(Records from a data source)
—————

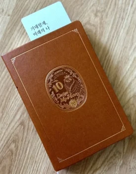 코로나 때 한정판으로 나온 10년 다이어리를 나에게 선물했다. 10년을 한 권에 기록할 수 있다는 게 가장 큰 매력이었고 표지가 천연 가죽이라서 시간이 흐를수록 소장 가치도 그만큼 더해질 것이므로 망설이지 않고 들였다.
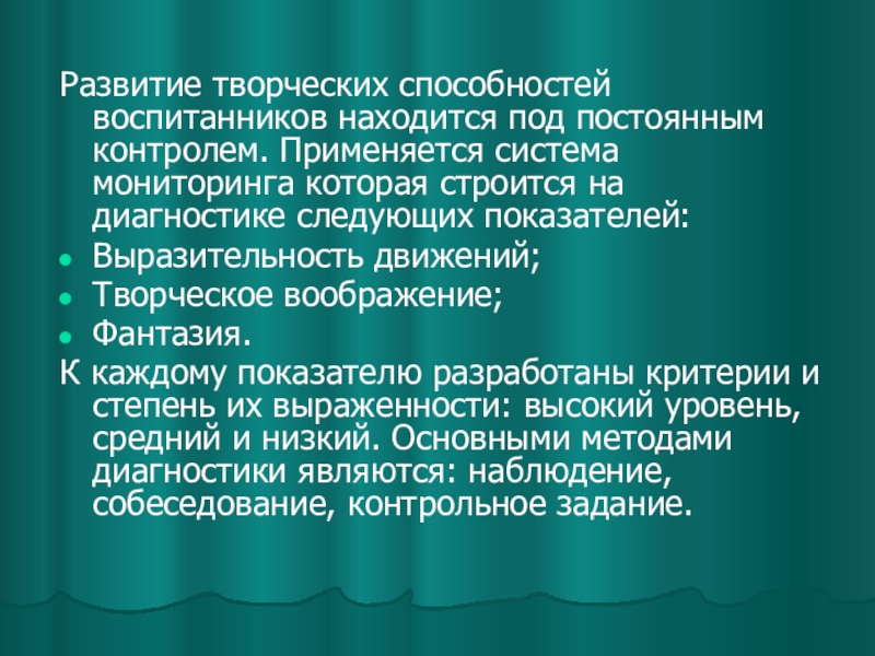 Слайд 17Развитие творческих способностей воспитанников находится под постоянным контролем. Применяется система мониторинга
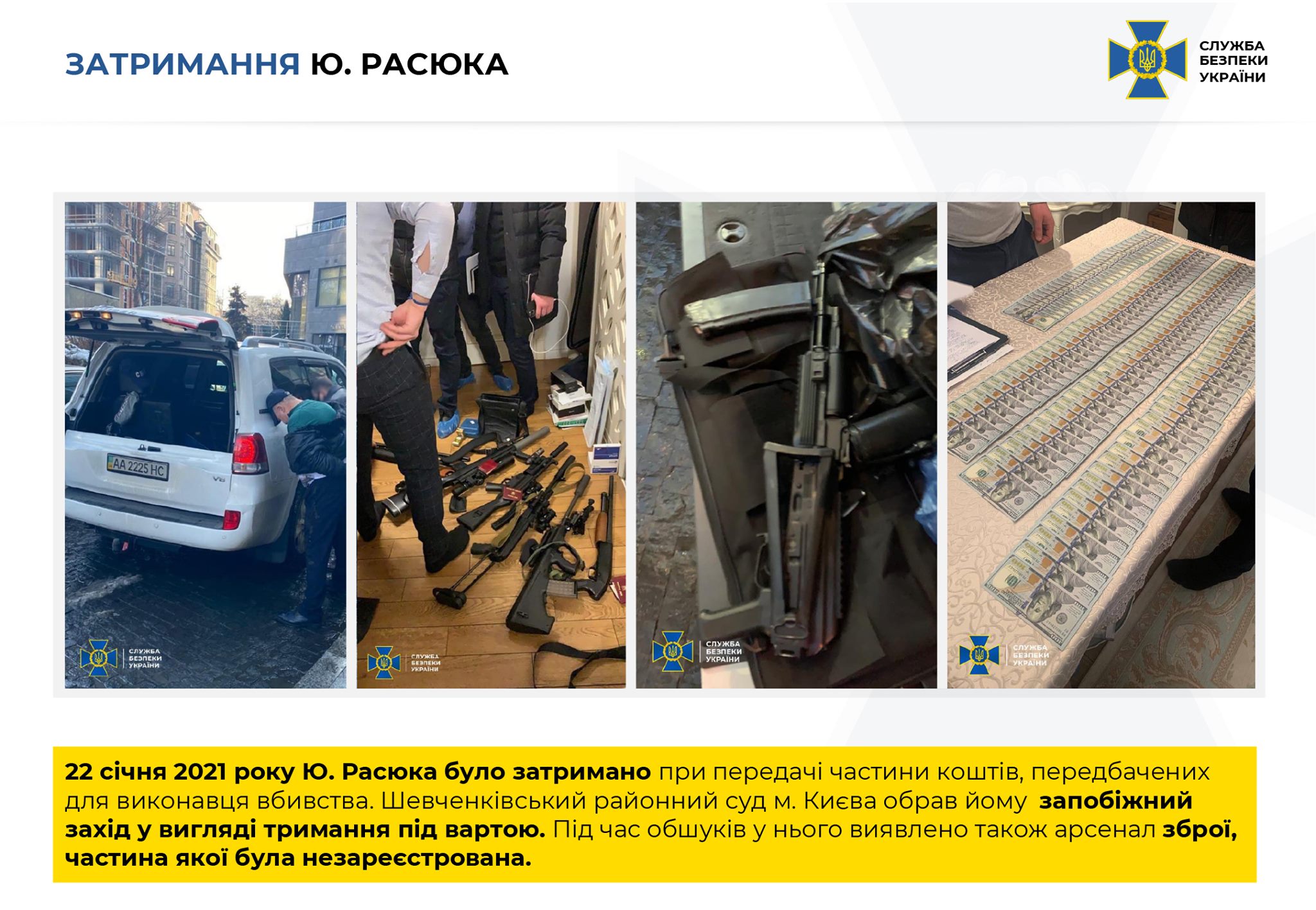 Во время очередной передачи денежных средств был задержан Ю. Расюк, которому 23 января 2021 Шевченковский районный суд Киева избрал меру пресечения в виде содержания под стражей", - рассказали в СБУ.
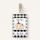A new student hall pass for this Autumn season with the illustration of two creamy orange white pumpkin and a white and black Gingham background . Choose your favorite attachment (lanyard or metal clip ).
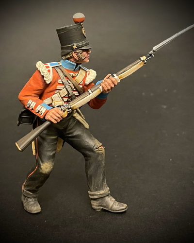 The kit is a multi-part figure kit depicting a crouching private as he storms the Great Redan during the Crimean War, 1853 to 1856.
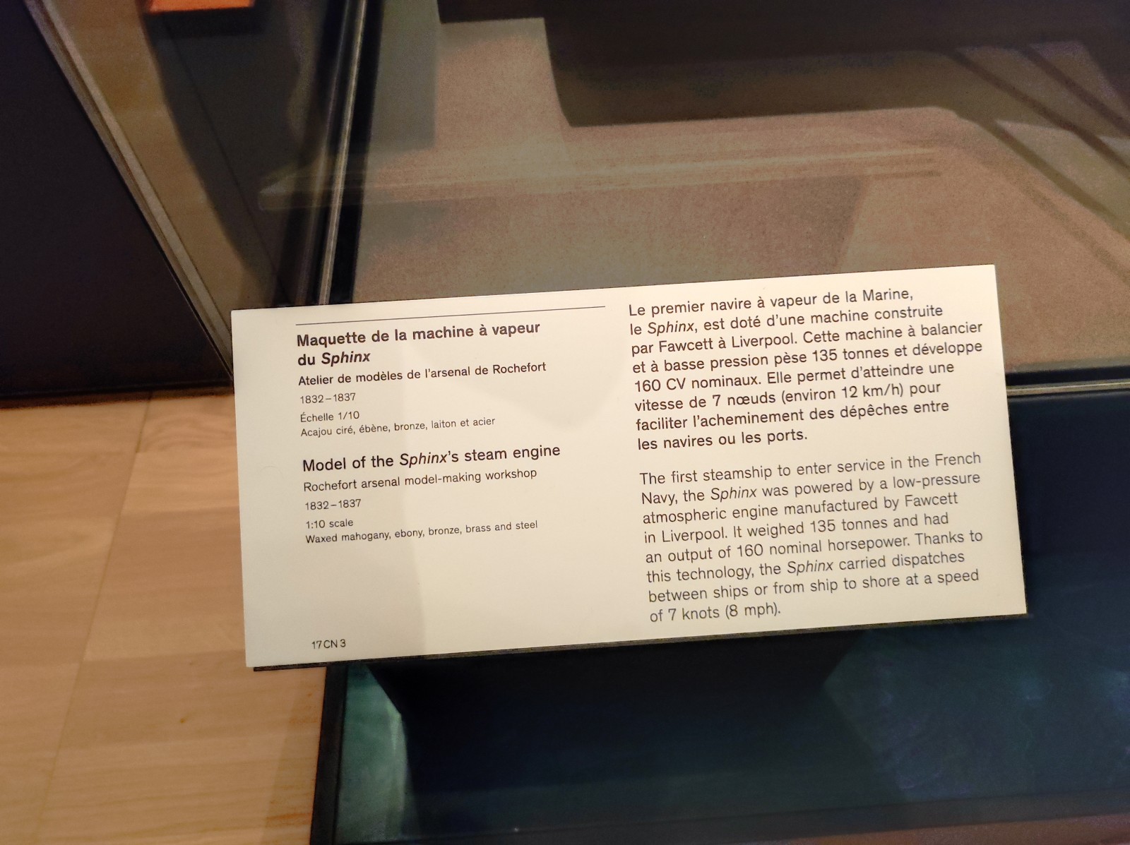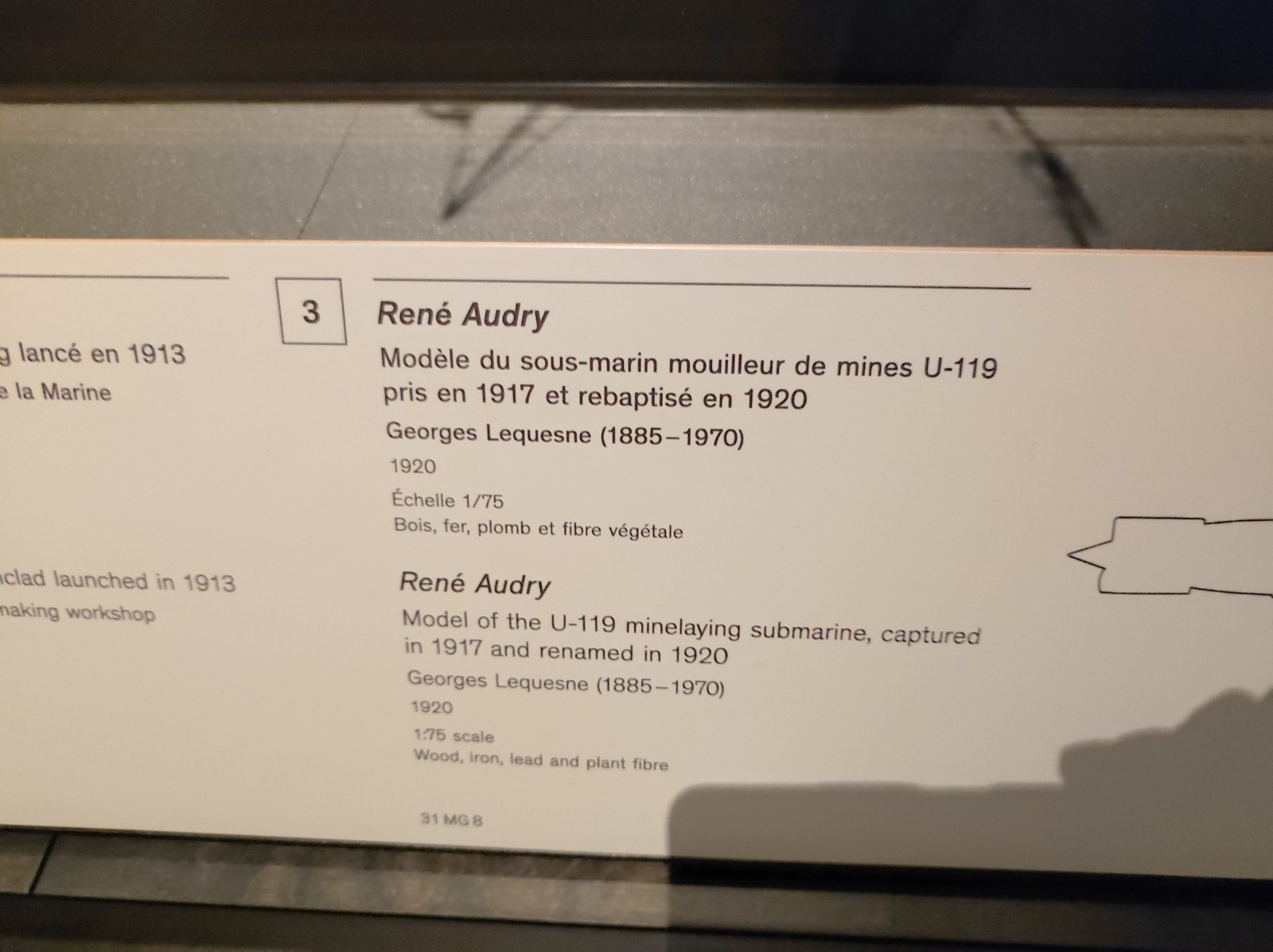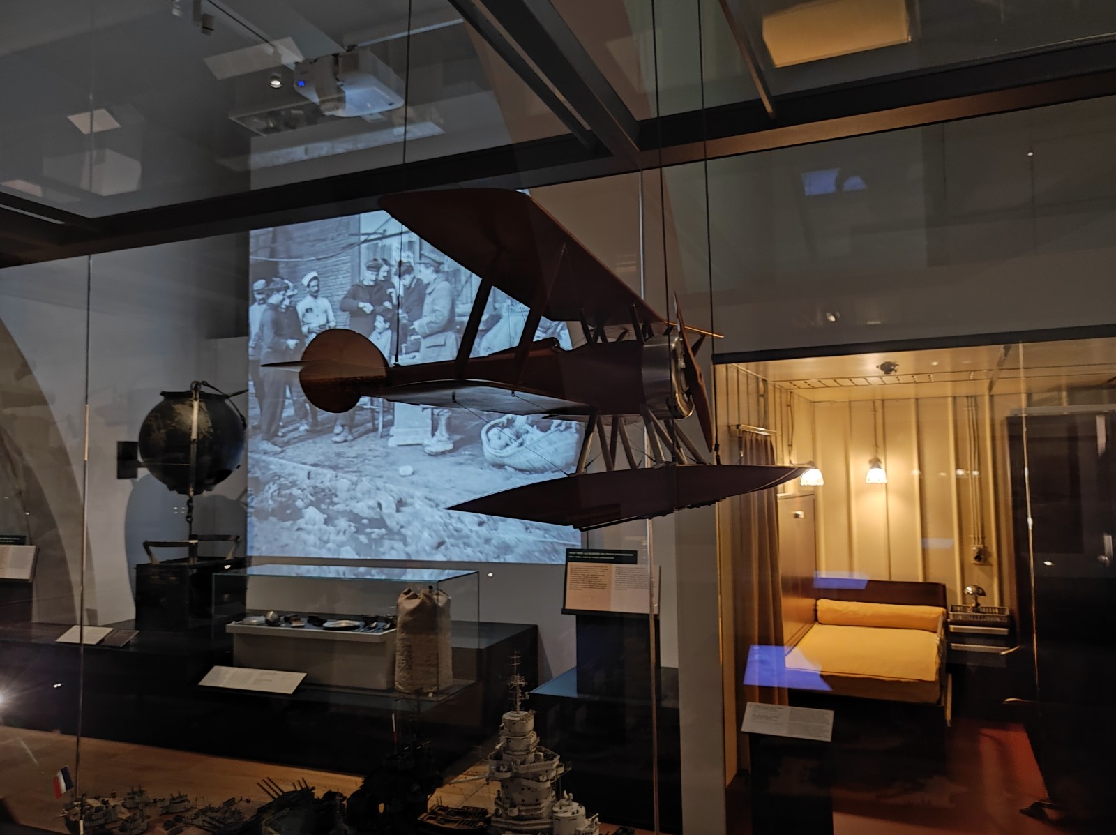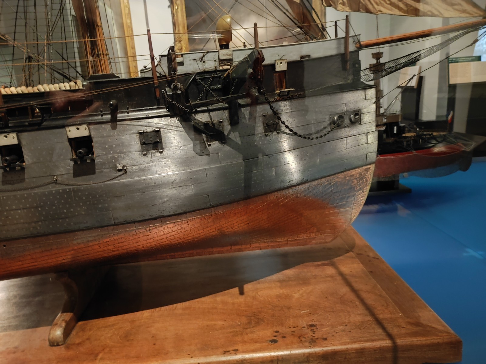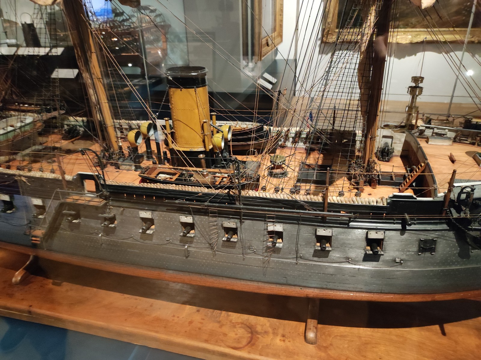Im Musée national de la Marine de Paris gab es früher, zumindest meiner Erinnerung nach, mehr Modelle von Schiffen aus dem 19. und frühen 20. Jahrhundert zu sehen. Heute ist diese Abteilung deutlich geschrumpft. Zu sehen gibt es u.a. den Aviso Sphinx, das Schlachtschiff Hoche, die Panzerfregatte La Gloire, das U-Boot René Audry (ex U 119) und den Panzerkreuzer Victor Hugo.

—————

Problem to solve.
Using the data above, print every line exactly, omitting pictures.

Answer box.
 코로나 때 한정판으로 나온 10년 다이어리를 나에게 선물했다. 10년을 한 권에 기록할 수 있다는 게 가장 큰 매력이었고 표지가 천연 가죽이라서 시간이 흐를수록 소장 가치도 그만큼 더해질 것이므로 망설이지 않고 들였다.
 Слайд 17Развитие творческих способностей воспитанников находится под постоянным контролем. Применяется система мониторинга
 Во время очередной передачи денежных средств был задержан Ю. Расюк, которому 23 января 2021 Шевченковский районный суд Киева избрал меру пресечения в виде содержания под стражей", - рассказали в СБУ.
A new student hall pass for this Autumn season with the illustration of two creamy orange white pumpkin and a white and black Gingham background . Choose your favorite attachment (lanyard or metal clip ).
 The kit is a multi-part figure kit depicting a crouching private as he storms the Great Redan during the Crimean War, 1853 to 1856.
Im Musée national de la Marine de Paris gab es früher, zumindest meiner Erinnerung nach, mehr Modelle von Schiffen aus dem 19. und frühen 20. Jahrhundert zu sehen. Heute ist diese Abteilung deutlich geschrumpft. Zu sehen gibt es u.a. den Aviso Sphinx, das Schlachtschiff Hoche, die Panzerfregatte La Gloire, das U-Boot René Audry (ex U 119) und den Panzerkreuzer Victor Hugo.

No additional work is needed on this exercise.